## ACTION ITEM:
Reproduce, word for word, all of the records; the pictures stay out.

## RECORDS PROVIDED:

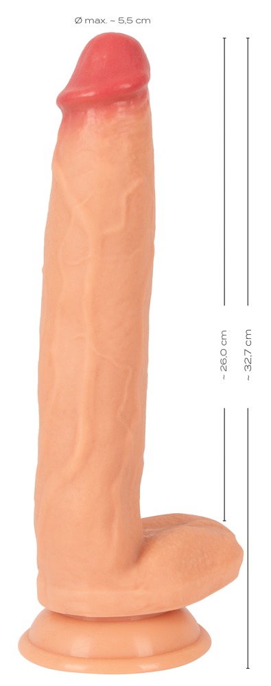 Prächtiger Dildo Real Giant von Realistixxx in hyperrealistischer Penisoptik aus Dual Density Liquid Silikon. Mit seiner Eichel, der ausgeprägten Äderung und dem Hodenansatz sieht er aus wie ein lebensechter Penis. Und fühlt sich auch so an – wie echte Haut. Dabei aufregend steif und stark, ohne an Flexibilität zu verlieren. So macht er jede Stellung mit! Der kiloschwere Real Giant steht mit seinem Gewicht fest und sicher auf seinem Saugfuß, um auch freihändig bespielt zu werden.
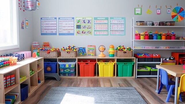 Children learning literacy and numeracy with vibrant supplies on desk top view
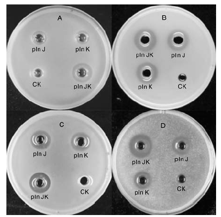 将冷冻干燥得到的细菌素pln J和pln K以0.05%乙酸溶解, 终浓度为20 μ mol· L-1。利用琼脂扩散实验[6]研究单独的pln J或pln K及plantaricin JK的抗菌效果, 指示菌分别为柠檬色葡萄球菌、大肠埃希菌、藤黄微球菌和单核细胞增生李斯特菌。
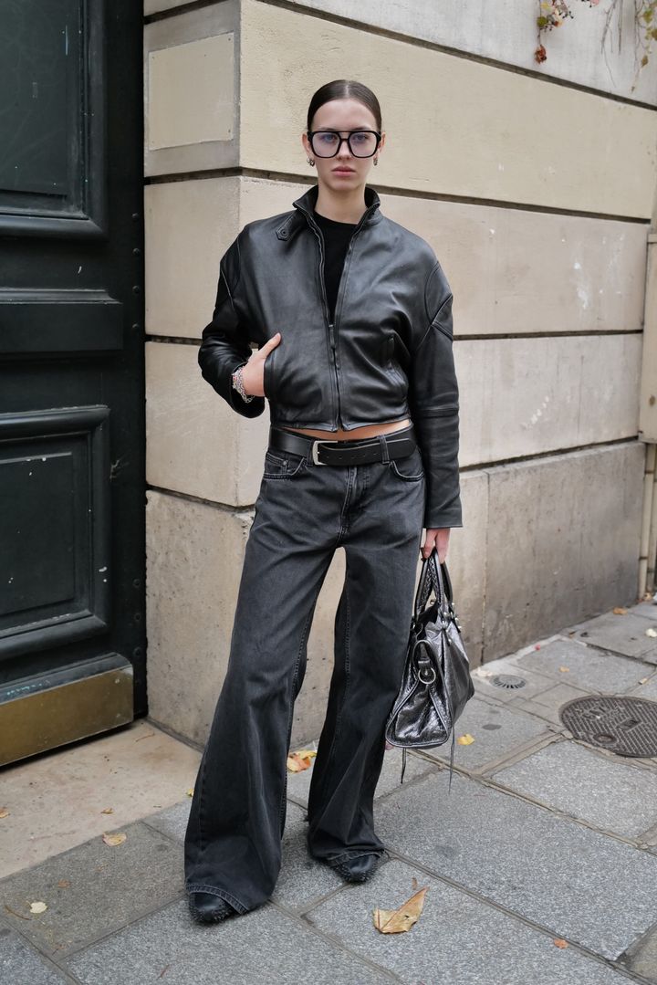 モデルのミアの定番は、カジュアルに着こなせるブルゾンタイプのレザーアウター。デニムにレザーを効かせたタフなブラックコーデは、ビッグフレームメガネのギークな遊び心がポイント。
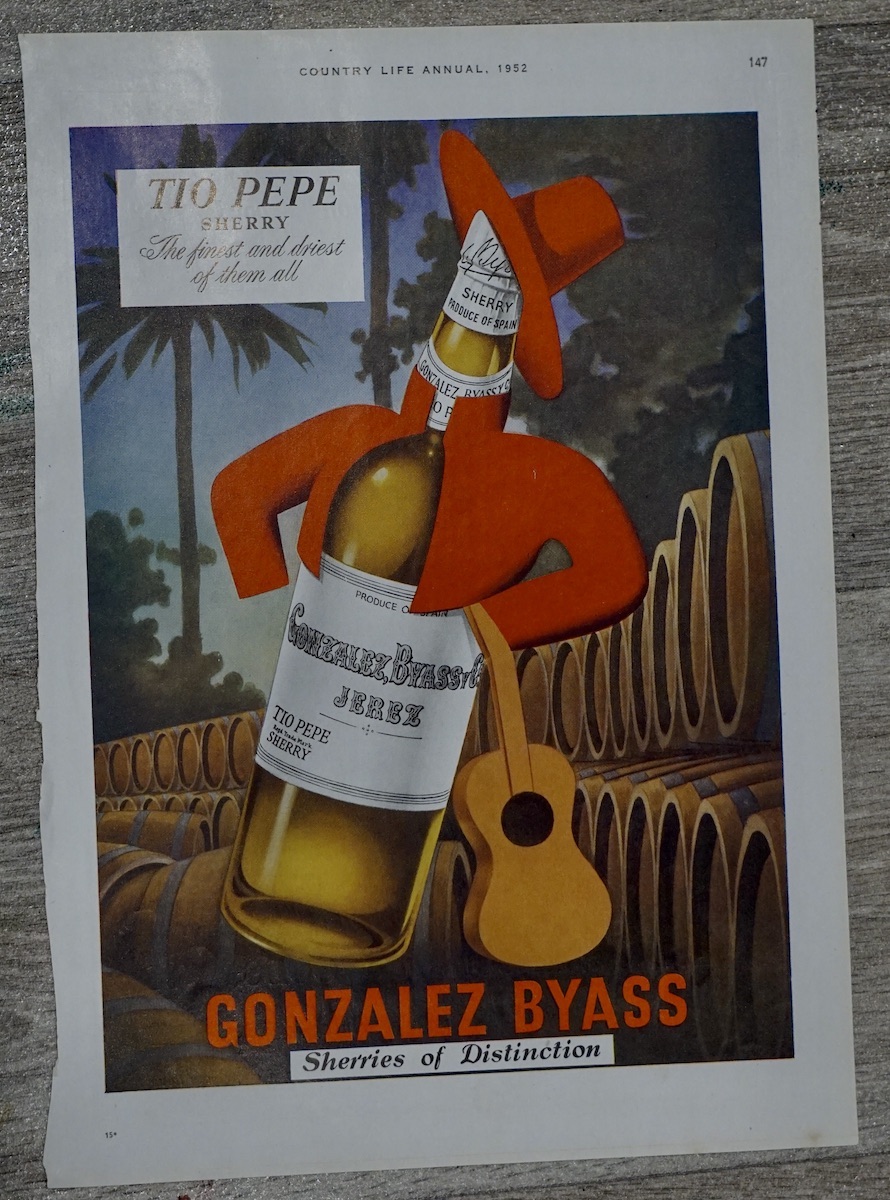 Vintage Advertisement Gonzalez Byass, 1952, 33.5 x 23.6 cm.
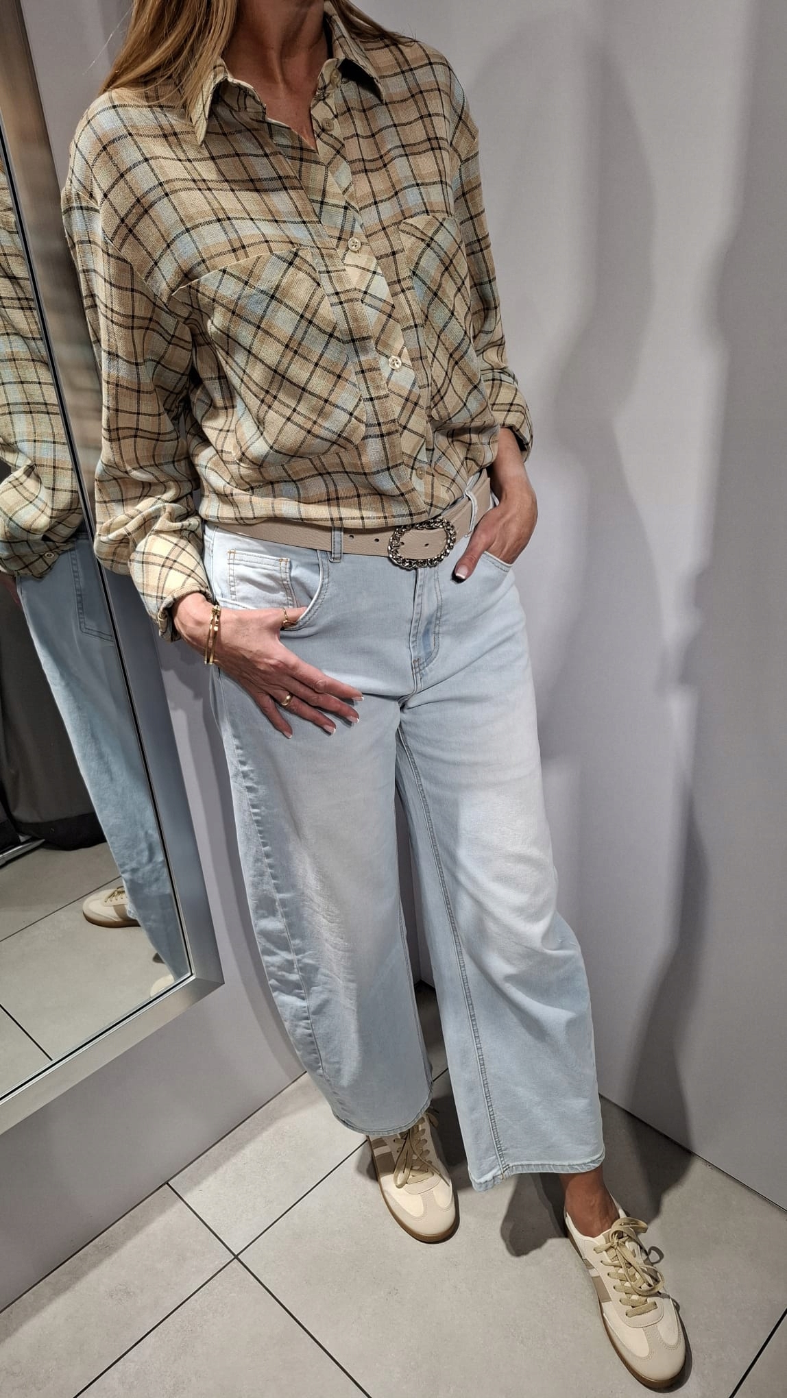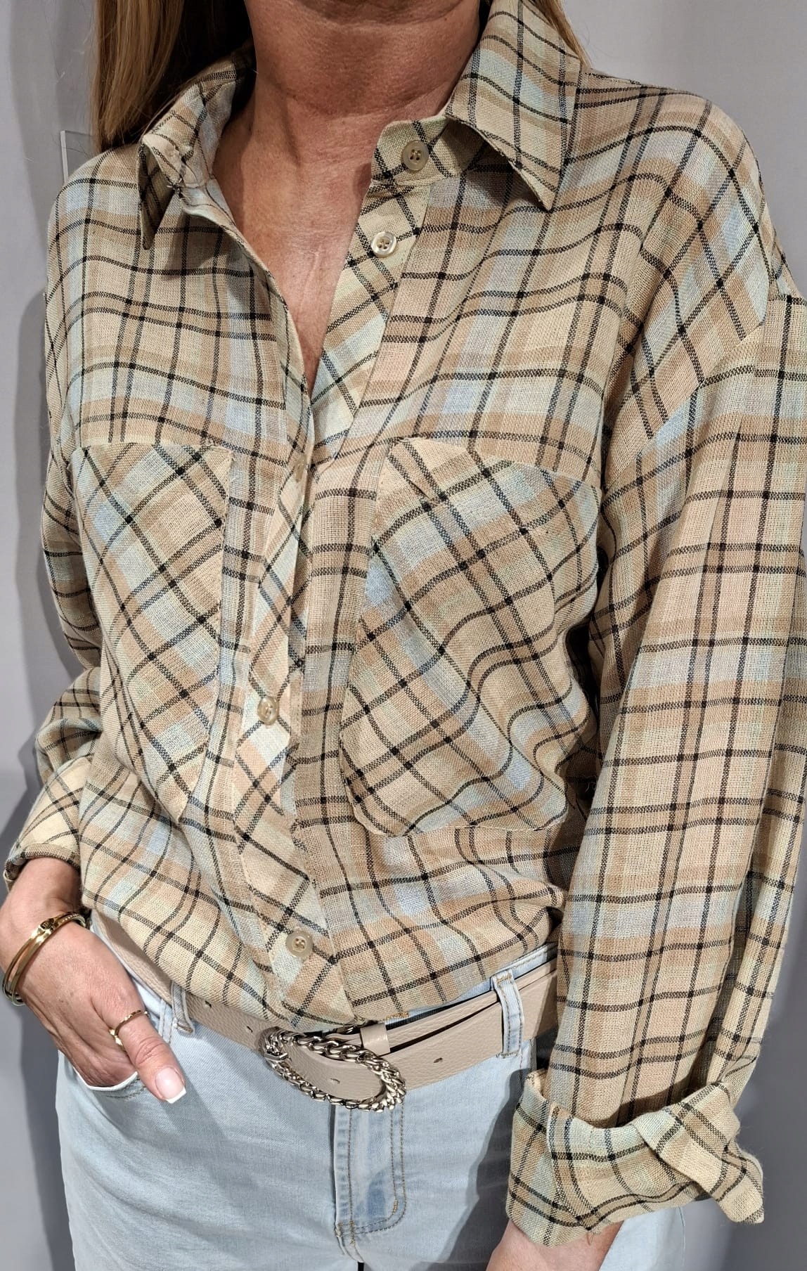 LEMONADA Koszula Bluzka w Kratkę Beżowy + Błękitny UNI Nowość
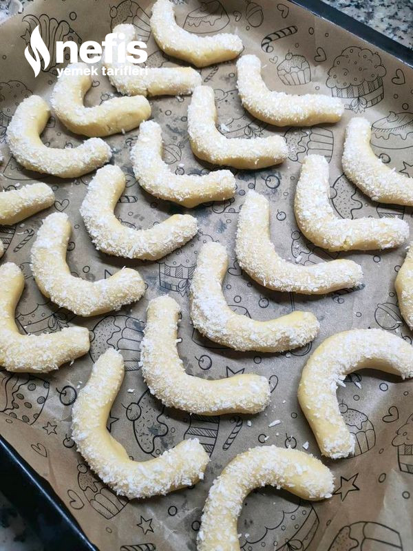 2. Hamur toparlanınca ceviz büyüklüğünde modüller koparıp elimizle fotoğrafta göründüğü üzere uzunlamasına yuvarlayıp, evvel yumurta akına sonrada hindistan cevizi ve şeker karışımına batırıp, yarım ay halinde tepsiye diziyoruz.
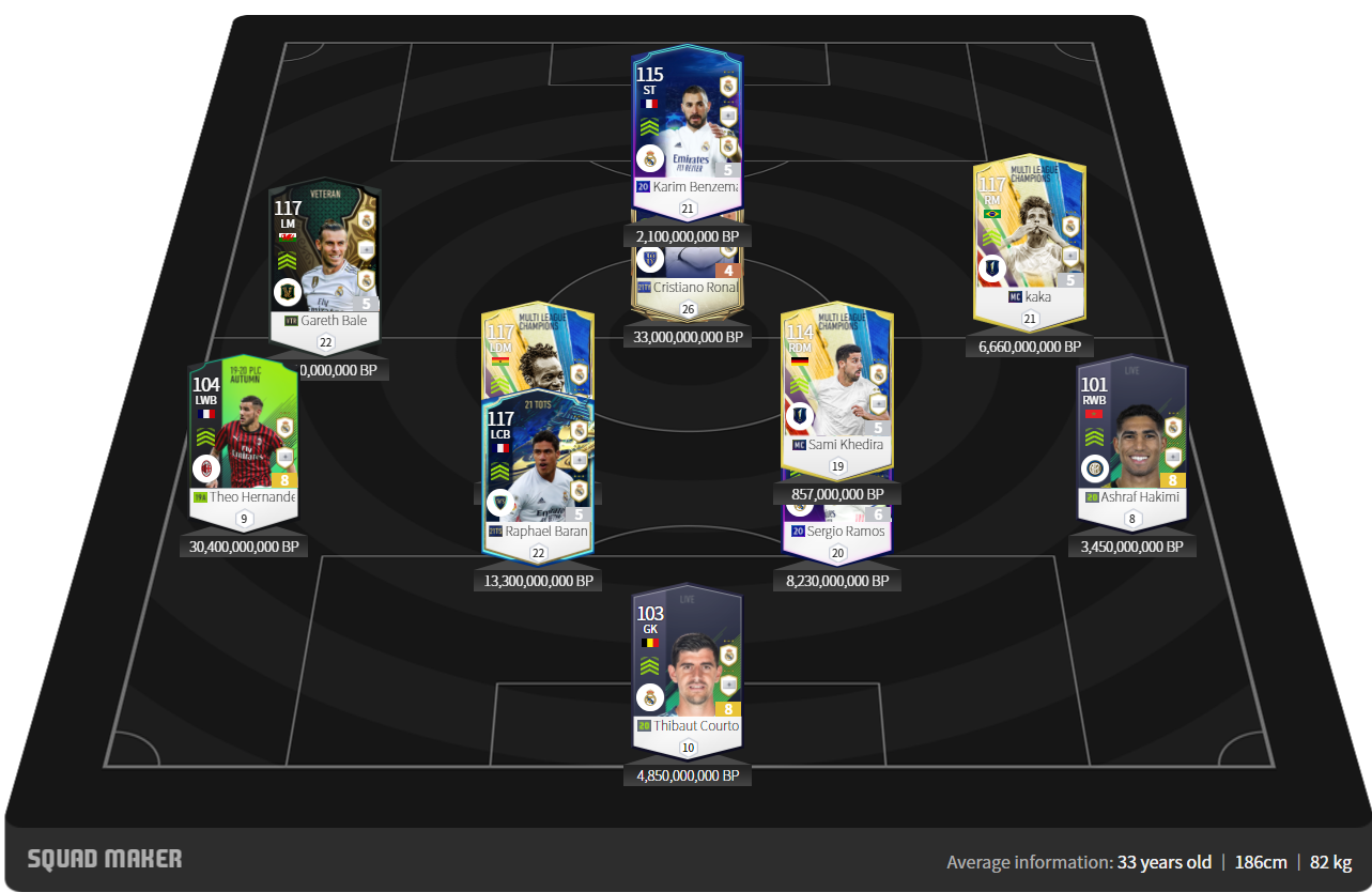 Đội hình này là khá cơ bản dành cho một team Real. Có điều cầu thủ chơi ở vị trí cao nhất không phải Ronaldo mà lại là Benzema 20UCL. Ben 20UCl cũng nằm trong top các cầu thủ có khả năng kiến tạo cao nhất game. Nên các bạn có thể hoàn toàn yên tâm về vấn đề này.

## ANSWER TO THE EXERCISE:
 Prächtiger Dildo Real Giant von Realistixxx in hyperrealistischer Penisoptik aus Dual Density Liquid Silikon. Mit seiner Eichel, der ausgeprägten Äderung und dem Hodenansatz sieht er aus wie ein lebensechter Penis. Und fühlt sich auch so an – wie echte Haut. Dabei aufregend steif und stark, ohne an Flexibilität zu verlieren. So macht er jede Stellung mit! Der kiloschwere Real Giant steht mit seinem Gewicht fest und sicher auf seinem Saugfuß, um auch freihändig bespielt zu werden.
 Children learning literacy and numeracy with vibrant supplies on desk top view
 将冷冻干燥得到的细菌素pln J和pln K以0.05%乙酸溶解, 终浓度为20 μ mol· L-1。利用琼脂扩散实验[6]研究单独的pln J或pln K及plantaricin JK的抗菌效果, 指示菌分别为柠檬色葡萄球菌、大肠埃希菌、藤黄微球菌和单核细胞增生李斯特菌。
 モデルのミアの定番は、カジュアルに着こなせるブルゾンタイプのレザーアウター。デニムにレザーを効かせたタフなブラックコーデは、ビッグフレームメガネのギークな遊び心がポイント。
 Vintage Advertisement Gonzalez Byass, 1952, 33.5 x 23.6 cm.
 LEMONADA Koszula Bluzka w Kratkę Beżowy + Błękitny UNI Nowość
 2. Hamur toparlanınca ceviz büyüklüğünde modüller koparıp elimizle fotoğrafta göründüğü üzere uzunlamasına yuvarlayıp, evvel yumurta akına sonrada hindistan cevizi ve şeker karışımına batırıp, yarım ay halinde tepsiye diziyoruz.
 Đội hình này là khá cơ bản dành cho một team Real. Có điều cầu thủ chơi ở vị trí cao nhất không phải Ronaldo mà lại là Benzema 20UCL. Ben 20UCl cũng nằm trong top các cầu thủ có khả năng kiến tạo cao nhất game. Nên các bạn có thể hoàn toàn yên tâm về vấn đề này.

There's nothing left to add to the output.